Scaling Gaussian Process Optimization by Evaluating a Few Unique Candidates Multiple Times
Daniele Calandriello, Luigi Carratino, Alessandro Lazaric, Michal, Valko, Lorenzo Rosasco

TL;DR
This paper introduces a method to improve Gaussian process optimization efficiency by limiting candidate switches, reducing computational costs while maintaining theoretical guarantees, especially useful in high-cost evaluation scenarios.
Contribution
It proposes a novel approach to restrict candidate switching in GP-Opt, enabling exact and efficient posterior computation, with modifications to GP-UCB and GP-EI algorithms.
Findings
Reduces runtime and memory complexity in GP-Opt.
Maintains no-regret guarantees with fewer candidate switches.
Enhances batching and parallel evaluation capabilities.
Abstract
Computing a Gaussian process (GP) posterior has a computational cost cubical in the number of historical points.
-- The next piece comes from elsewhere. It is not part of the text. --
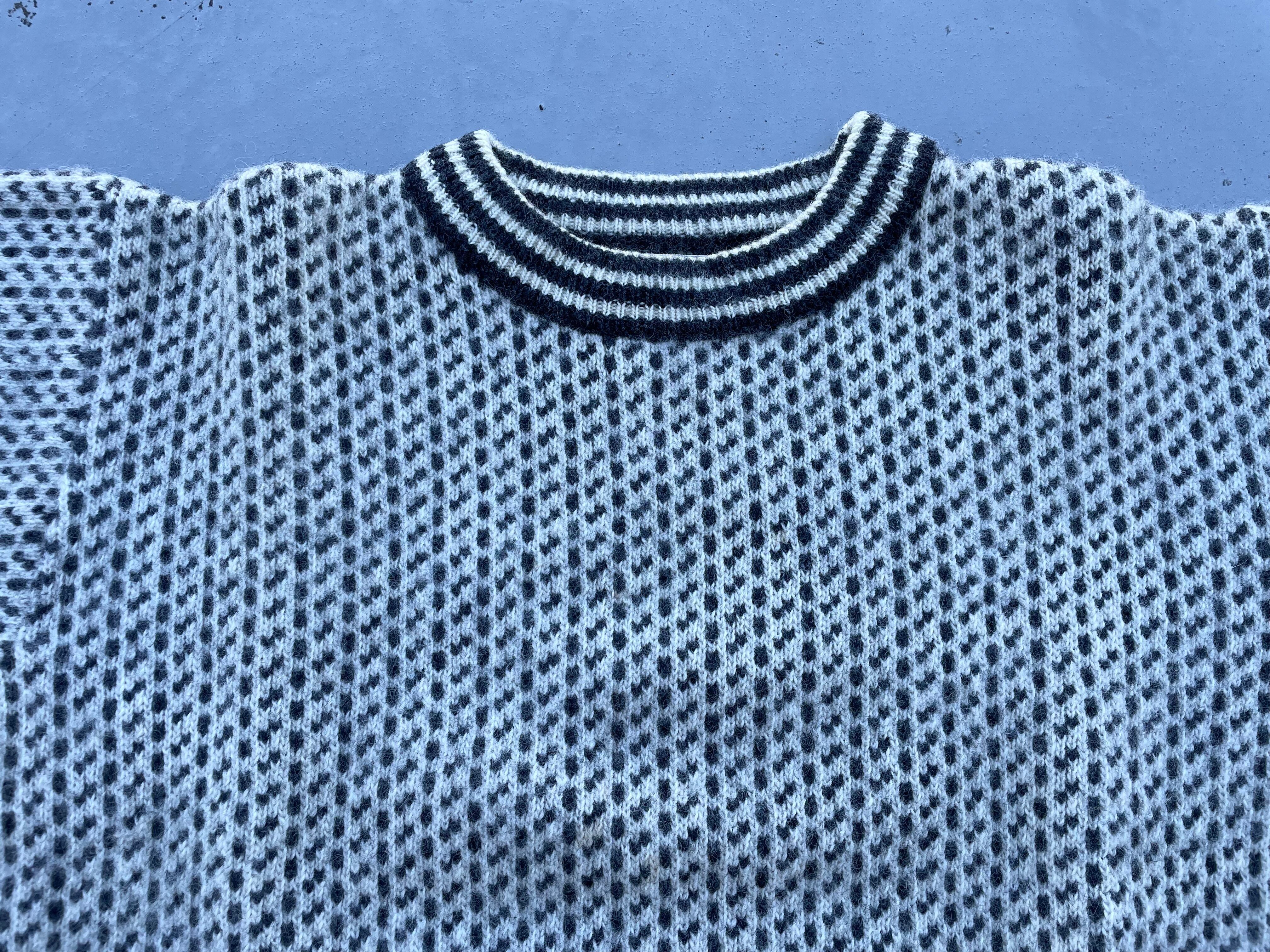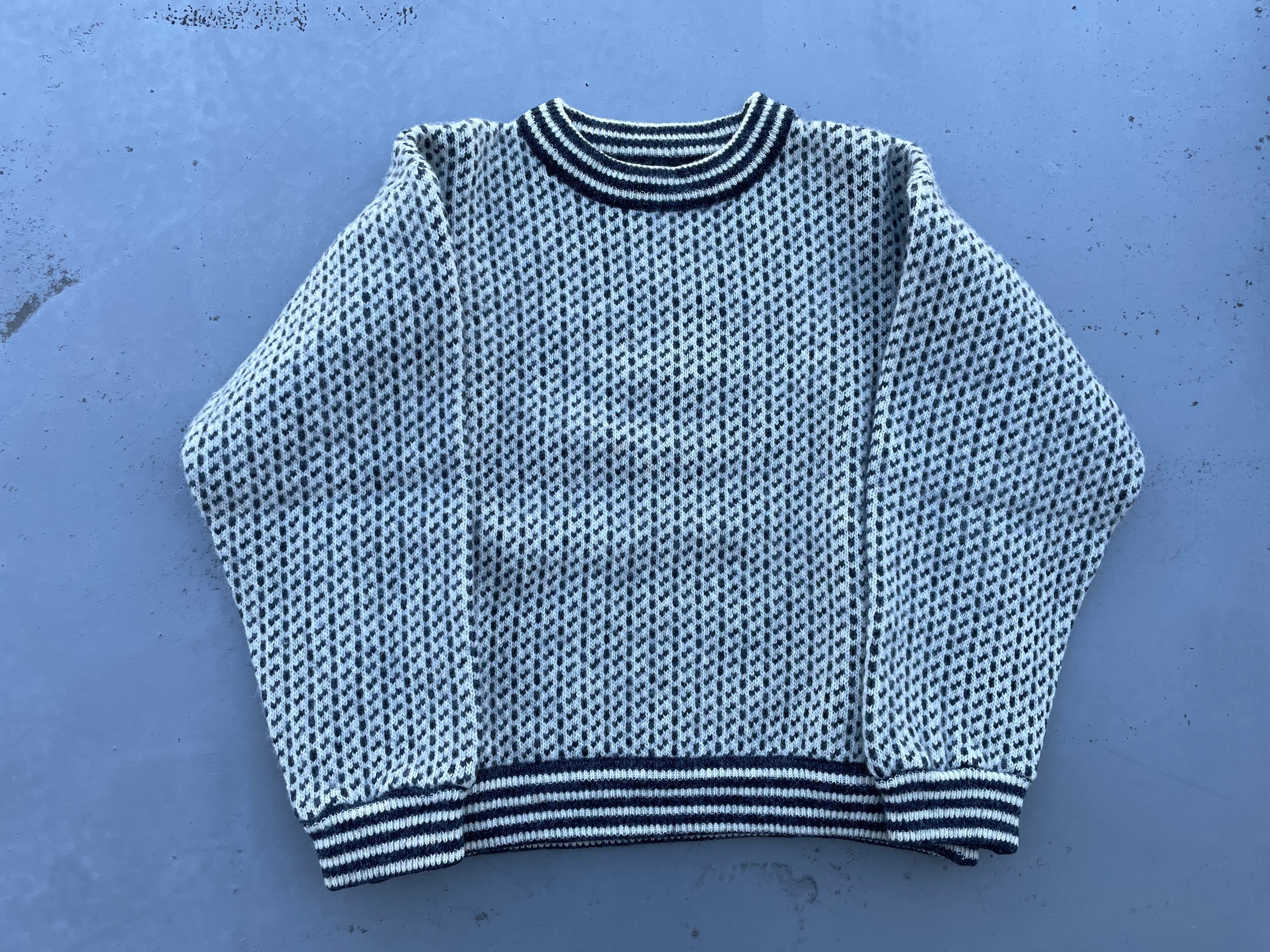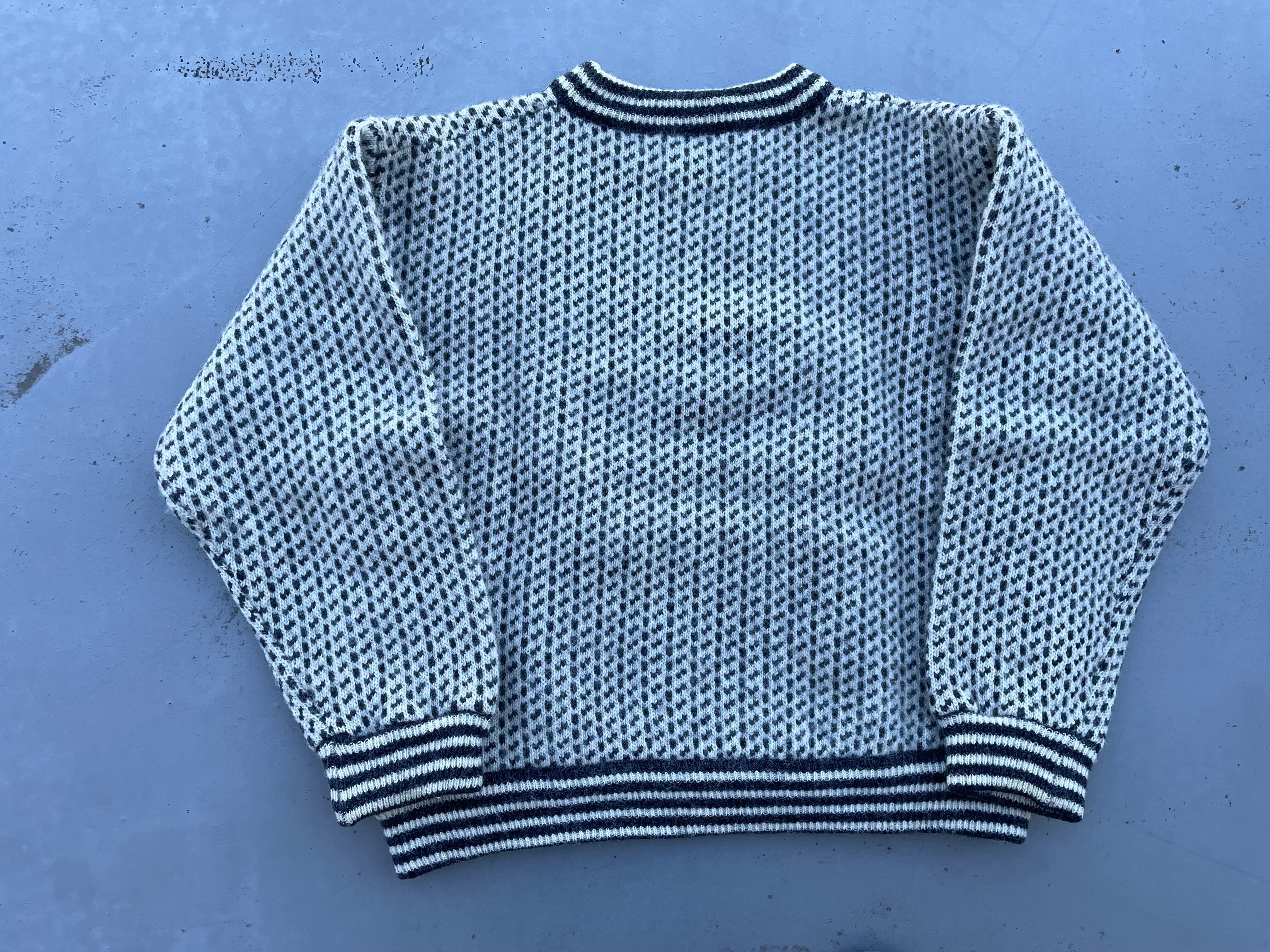 【商品詳細】エルエルビーン定番モデルのバーズアイニット。カラーはホワイト。サイズはL。70-80年代頃スコットランド製。メンズモデル。人気の身幅広めの個体。最近はバーズアイの中でもホワイトが特に人気出ている気がします。

A reformulation of the same GP posterior highlights that this complexity mainly depends on how many \emph{unique} historical points are considered. This can have important implication in active learning settings, where the set of historical points is constructed sequentially by the learner. We show that sequential black-box optimization based on GPs (GP-Opt) can be made efficient by sticking to a candidate solution for multiple evaluation steps and switch only when necessary. Limiting the number of switches also limits the number of unique points in the history of the GP. Thus, the efficient GP reformulation can be used to exactly and cheaply compute the posteriors required to run the GP-Opt algorithms. This approach is especially useful in real-world applications of GP-Opt…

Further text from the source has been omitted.